*TASK GOAL:* Reproduce the data in full, exactly as given, leaving images out.

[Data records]
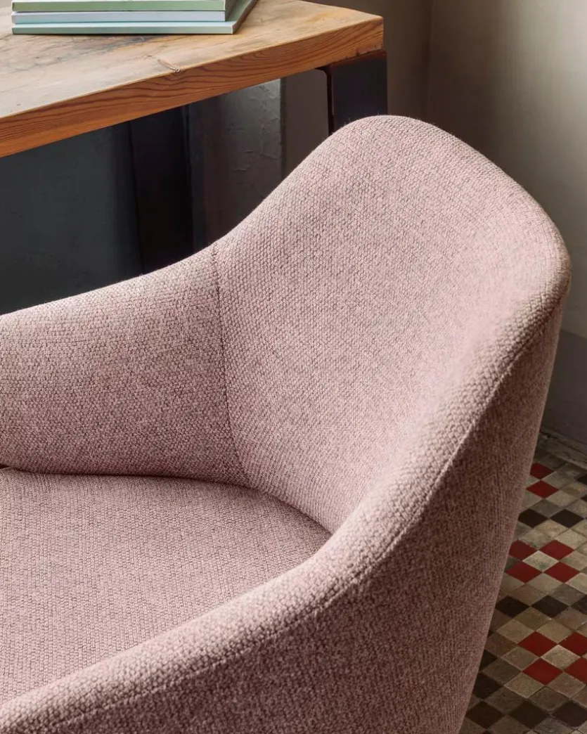 Der Drehstuhl Einara von Kave Home bietet Funktionalität und Chic. Eine Sitzschale, die mit einer ausgesprochen charmanten Formensprache die Blicke auf sich lenkt, prägt im Wesentlichen das Design dieses bequem gepolsterten Sitzmöbels. Dank der Rollen und der Höhenverstellung ist der mit Armlehnen versehene Drehstuhl Einara zudem wunderbar flexibel einsetzbar.
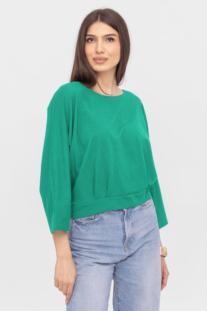 Pierino Bluza cu spate petrecut, si maneca fluture, din tricot de bumbac, turcoaz
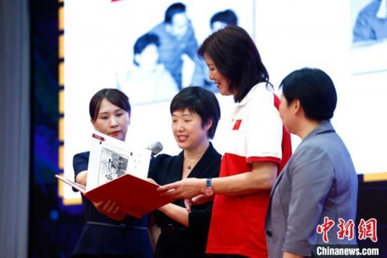 圖為陳經(jīng)綸中學向郎平贈送紀念品。中新社記者 富田 攝
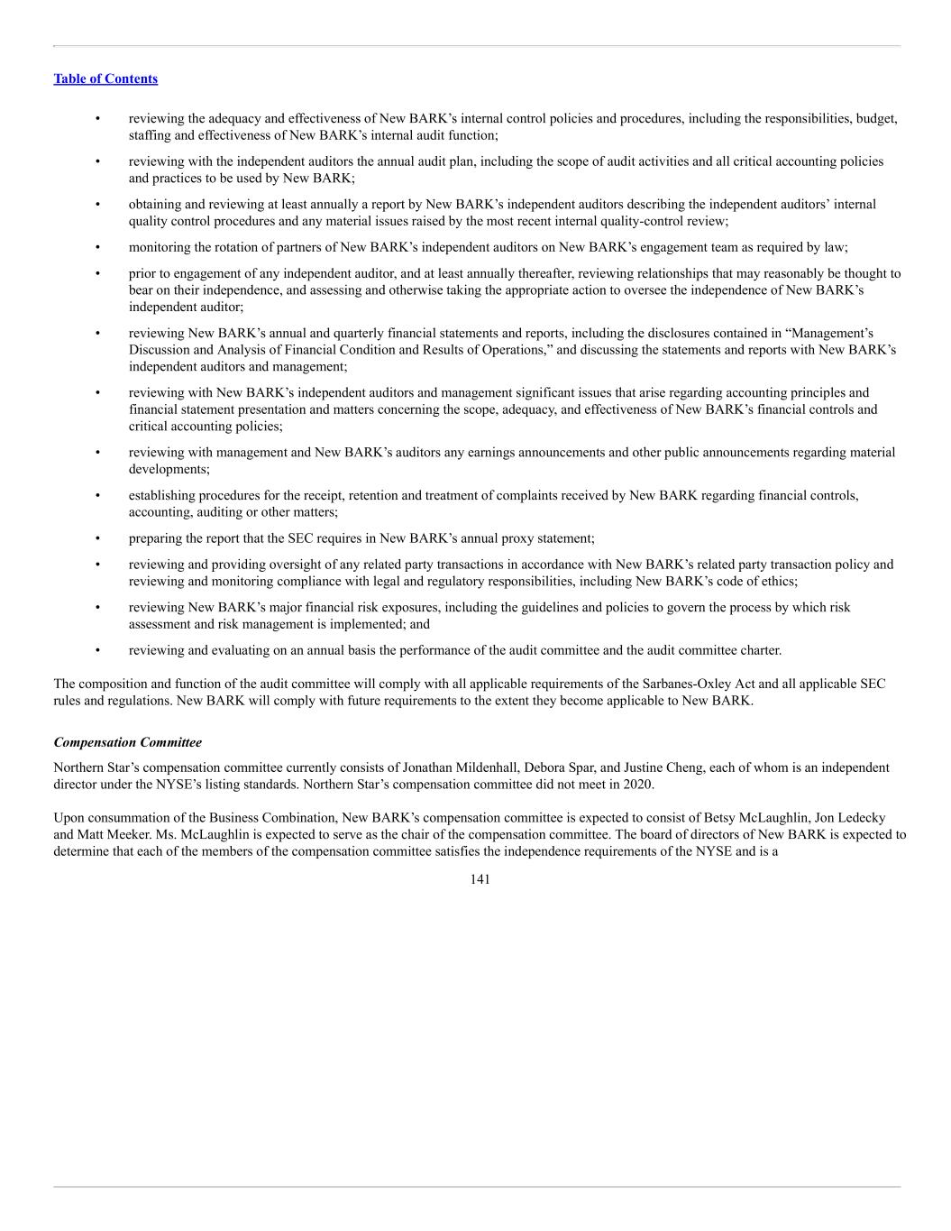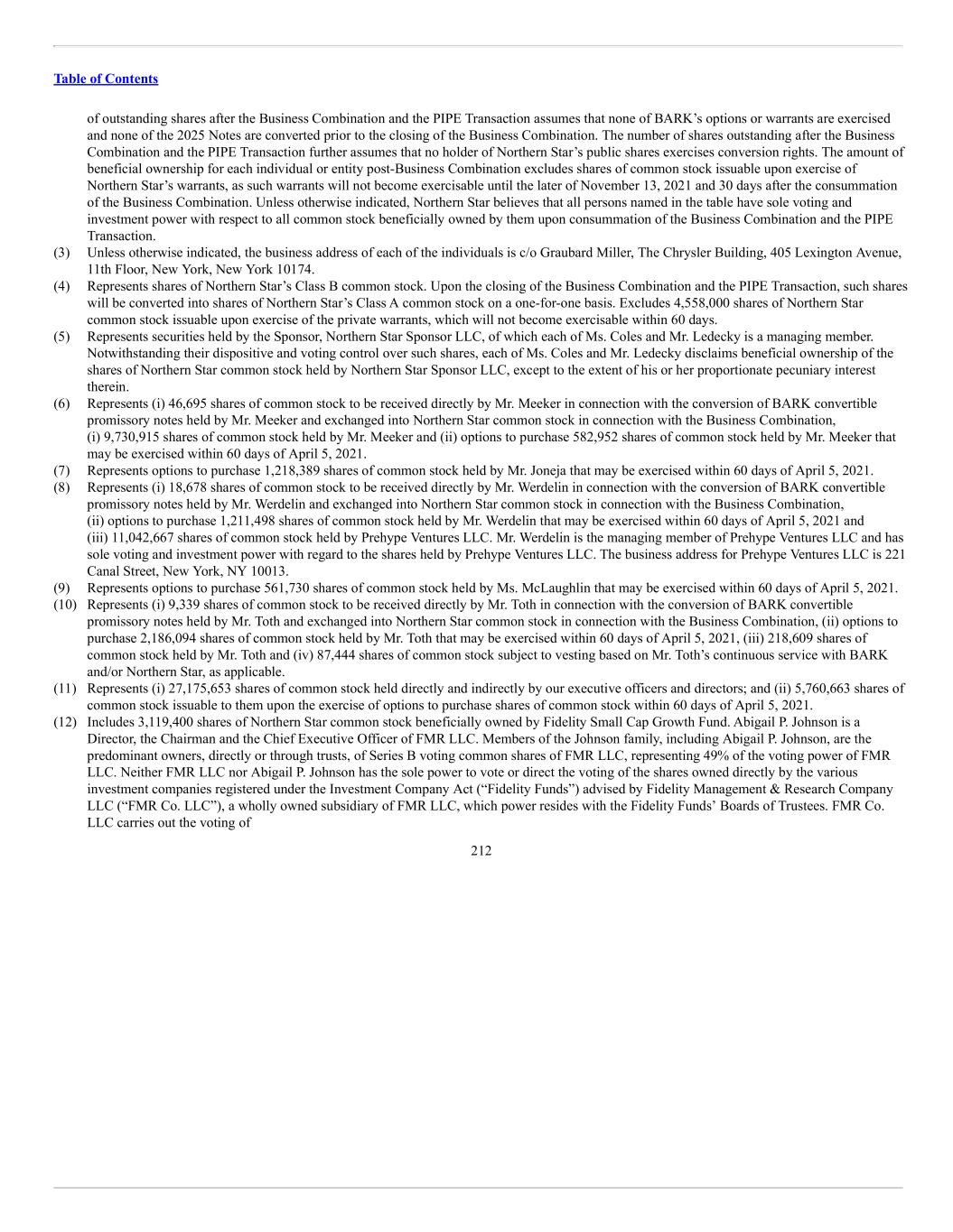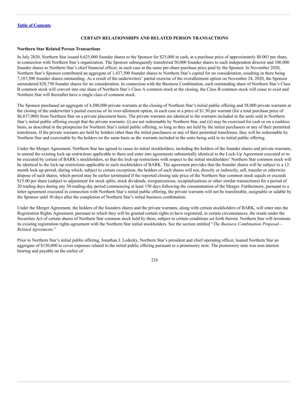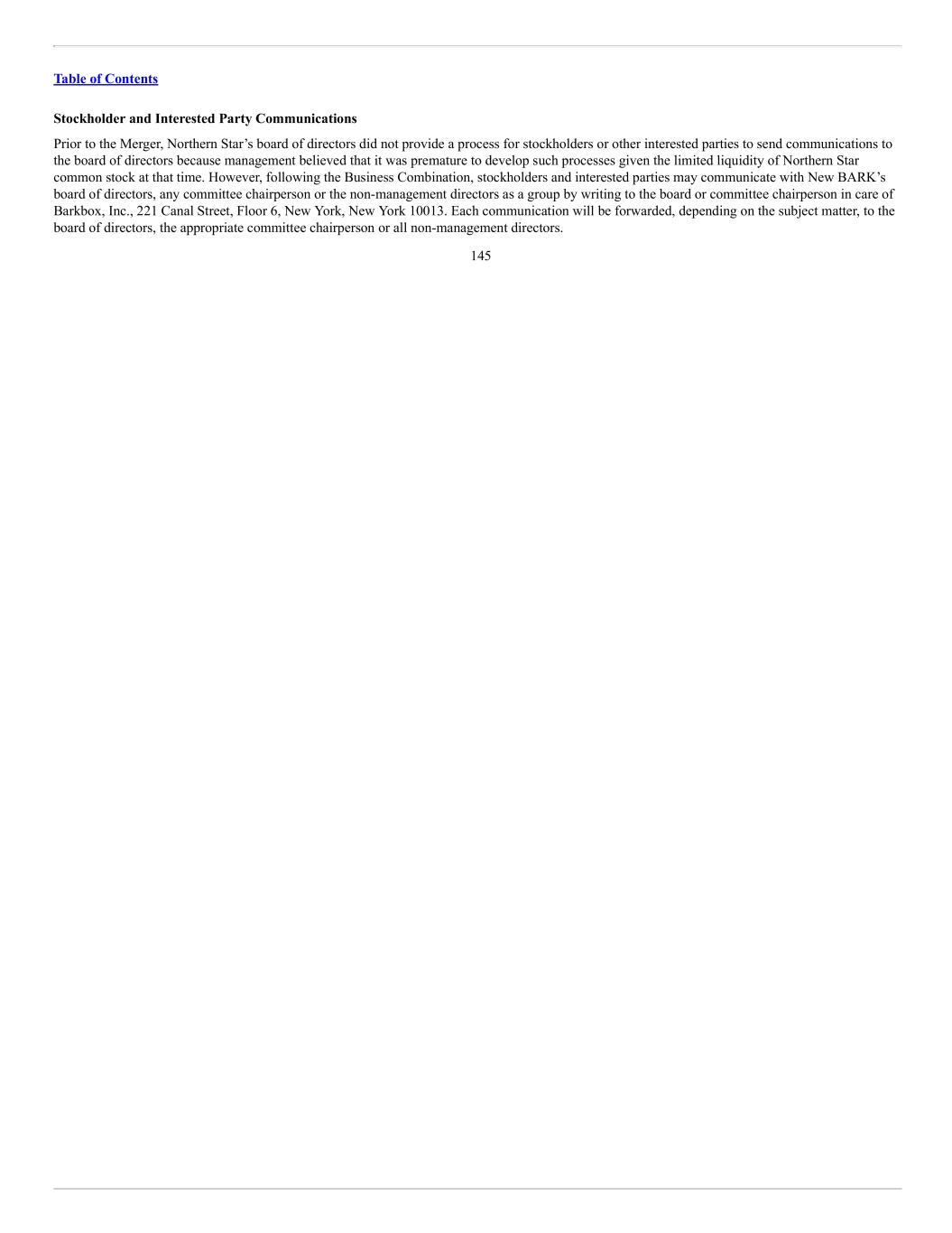 Table of Contents they might include, without limitation, arrangements to protect such investors or holders against potential loss in value of their shares, including the granting of put options and the transfer to such investors or holders of shares or warrants owned by the Northern Star initial stockholders for nominal value. Entering into any such arrangements may have a depressive effect on Northern Star common stock. For example, as a result of these arrangements, an investor or holder may have the ability to effectively purchase shares at a price lower than the then-current market price and may therefore be more likely to sell the shares he, she or it owns, either prior to or immediately after the annual meeting. If such transactions are effected, the consequence could be to cause the Business Combination to be approved in circumstances where such approval could not otherwise be obtained. Purchases of shares by the persons described above would allow them to exert more influence over the approval of the business combination proposal and the other proposals to be presented at the annual meeting and would likely increase the chances that such proposals would be approved. Moreover, any such purchases may make it more likely that the conditions to the closing of the Business Combination (such as the condition that the Northern Star common stock be listed on the NYSE) would be met. No agreements dealing with the above arrangements or purchases have been entered into as of the date of this proxy statement/prospectus. Northern Star will file a Current Report on Form 8-K to disclose any arrangements entered into or significant purchases made by any of the aforementioned persons that would affect the vote on the business combination proposal or the satisfaction of any closing conditions. Any such report will include descriptions of any arrangements entered into or significant purchases by any of the aforementioned persons. Interests of BARK Directors and Officers In considering whether to adopt the Merger Agreement and Business Combination by executing and delivering a written consent, BARK stockholders should be aware that aside from their interests as stockholders, BARK’s officers and the members of the BARK board of directors have interests in the Business Combination that are different from, or in addition to, those of other BARK stockholders generally. BARK stockholders should take these interests into account in deciding whether to approve the Business Combination. In addition to the compensation arrangements, including employment, termination of employment, and change in control arrangements and indemnification arrangements, discussed in the sections titled “Executive Compensation” and “Certain Relationships and Related Person Transactions—BARK Related Person Transactions” and the registration rights described in the section titled “The Business Combination Proposal —Related Agreements—Registration Rights Agreement,” these interests include, among other things, the fact that:     •   The following executive officers of BARK are expected to be appointed as executive officers of New BARK following the consummation of the Business Combination: Matt Meeker, Manish Joneja and John Toth;     •   The following members of the BARK board of directors are expected to be appointed as directors of New BARK following the consummation of the Business Combination: Manish Joneja, Jim McGinty, Elizabeth McLaughlin, Matt Meeker and Henrik Werdelin; and     •   The executive officers of BARK and members of the BARK board of directors are holders of, or affiliated with entities that are holders of, BARK equity interests and in such capacity will be entitled to receive the consideration payable in the Business Combination to all holders of such equity interests. Recommendation to Stockholders Northern Star’s board of directors believes that the business combination proposal and the other proposals to be presented at the annual meeting are fair to and in the best interest of Northern Star’s stockholders and   25
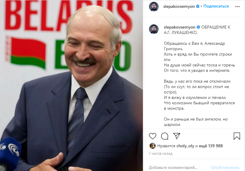 Известный российский юморист Семен Слепаков с помощью рифмы обратился к президенту Беларуси Александру Лукашенко и высказал свое негативное отношение к протестам, которые охватили страну.
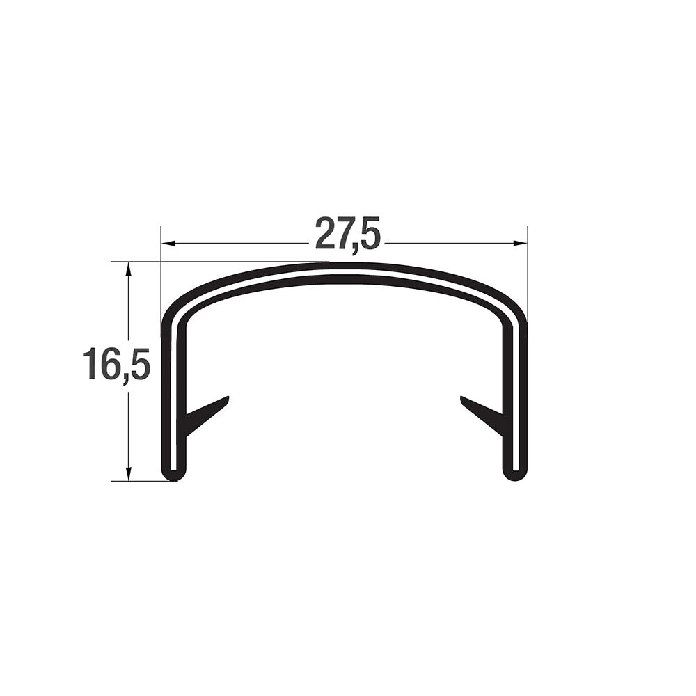 90.A1701901728.00 Kantafwerkprofiel PVC - 17,0-19,0mm - HxB 16,5x27,5mm - zwart - 25 meter 17,0-19,0 27,5 16,5 Zwart PVC Staal klemband inlage
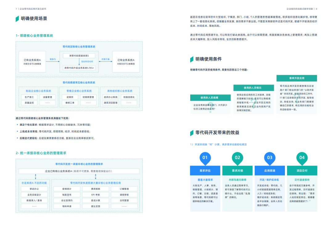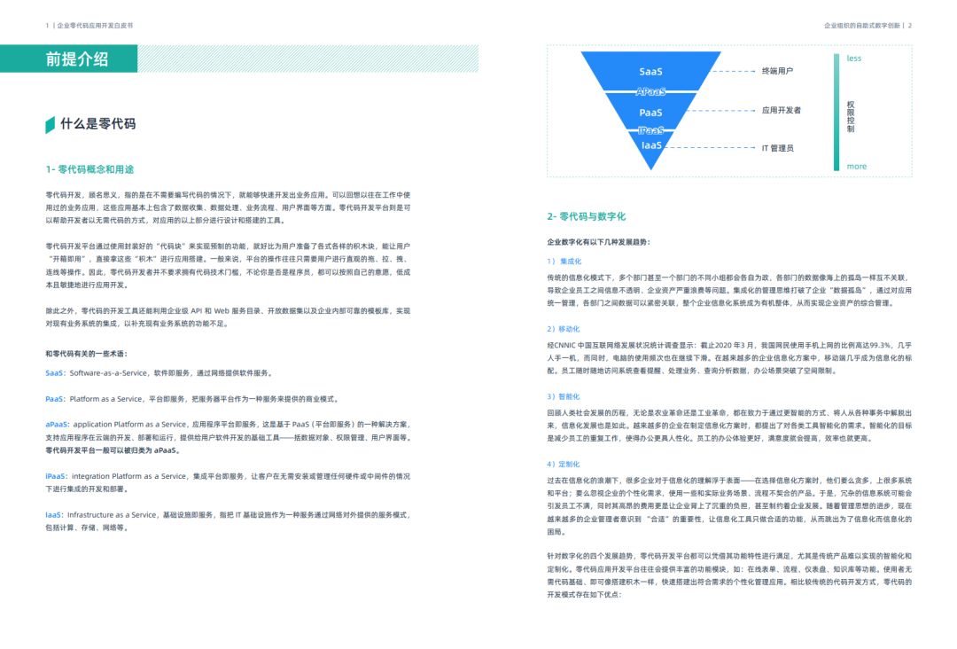 为了帮助开发者们更深入地理解零代码,更顺利地在企业组织之内实现自助式数字创新,我们编写了这本《企业零代码应用开发白皮书》。

*EXERCISE RESPONSE:*
 Der Drehstuhl Einara von Kave Home bietet Funktionalität und Chic. Eine Sitzschale, die mit einer ausgesprochen charmanten Formensprache die Blicke auf sich lenkt, prägt im Wesentlichen das Design dieses bequem gepolsterten Sitzmöbels. Dank der Rollen und der Höhenverstellung ist der mit Armlehnen versehene Drehstuhl Einara zudem wunderbar flexibel einsetzbar.
 Pierino Bluza cu spate petrecut, si maneca fluture, din tricot de bumbac, turcoaz
 圖為陳經(jīng)綸中學向郎平贈送紀念品。中新社記者 富田 攝
 Table of Contents they might include, without limitation, arrangements to protect such investors or holders against potential loss in value of their shares, including the granting of put options and the transfer to such investors or holders of shares or warrants owned by the Northern Star initial stockholders for nominal value. Entering into any such arrangements may have a depressive effect on Northern Star common stock. For example, as a result of these arrangements, an investor or holder may have the ability to effectively purchase shares at a price lower than the then-current market price and may therefore be more likely to sell the shares he, she or it owns, either prior to or immediately after the annual meeting. If such transactions are effected, the consequence could be to cause the Business Combination to be approved in circumstances where such approval could not otherwise be obtained. Purchases of shares by the persons described above would allow them to exert more influence over the approval of the business combination proposal and the other proposals to be presented at the annual meeting and would likely increase the chances that such proposals would be approved. Moreover, any such purchases may make it more likely that the conditions to the closing of the Business Combination (such as the condition that the Northern Star common stock be listed on the NYSE) would be met. No agreements dealing with the above arrangements or purchases have been entered into as of the date of this proxy statement/prospectus. Northern Star will file a Current Report on Form 8-K to disclose any arrangements entered into or significant purchases made by any of the aforementioned persons that would affect the vote on the business combination proposal or the satisfaction of any closing conditions. Any such report will include descriptions of any arrangements entered into or significant purchases by any of the aforementioned persons. Interests of BARK Directors and Officers In considering whether to adopt the Merger Agreement and Business Combination by executing and delivering a written consent, BARK stockholders should be aware that aside from their interests as stockholders, BARK’s officers and the members of the BARK board of directors have interests in the Business Combination that are different from, or in addition to, those of other BARK stockholders generally. BARK stockholders should take these interests into account in deciding whether to approve the Business Combination. In addition to the compensation arrangements, including employment, termination of employment, and change in control arrangements and indemnification arrangements, discussed in the sections titled “Executive Compensation” and “Certain Relationships and Related Person Transactions—BARK Related Person Transactions” and the registration rights described in the section titled “The Business Combination Proposal —Related Agreements—Registration Rights Agreement,” these interests include, among other things, the fact that:     •   The following executive officers of BARK are expected to be appointed as executive officers of New BARK following the consummation of the Business Combination: Matt Meeker, Manish Joneja and John Toth;     •   The following members of the BARK board of directors are expected to be appointed as directors of New BARK following the consummation of the Business Combination: Manish Joneja, Jim McGinty, Elizabeth McLaughlin, Matt Meeker and Henrik Werdelin; and     •   The executive officers of BARK and members of the BARK board of directors are holders of, or affiliated with entities that are holders of, BARK equity interests and in such capacity will be entitled to receive the consideration payable in the Business Combination to all holders of such equity interests. Recommendation to Stockholders Northern Star’s board of directors believes that the business combination proposal and the other proposals to be presented at the annual meeting are fair to and in the best interest of Northern Star’s stockholders and   25
 Известный российский юморист Семен Слепаков с помощью рифмы обратился к президенту Беларуси Александру Лукашенко и высказал свое негативное отношение к протестам, которые охватили страну.
 90.A1701901728.00 Kantafwerkprofiel PVC - 17,0-19,0mm - HxB 16,5x27,5mm - zwart - 25 meter 17,0-19,0 27,5 16,5 Zwart PVC Staal klemband inlage
 为了帮助开发者们更深入地理解零代码,更顺利地在企业组织之内实现自助式数字创新,我们编写了这本《企业零代码应用开发白皮书》。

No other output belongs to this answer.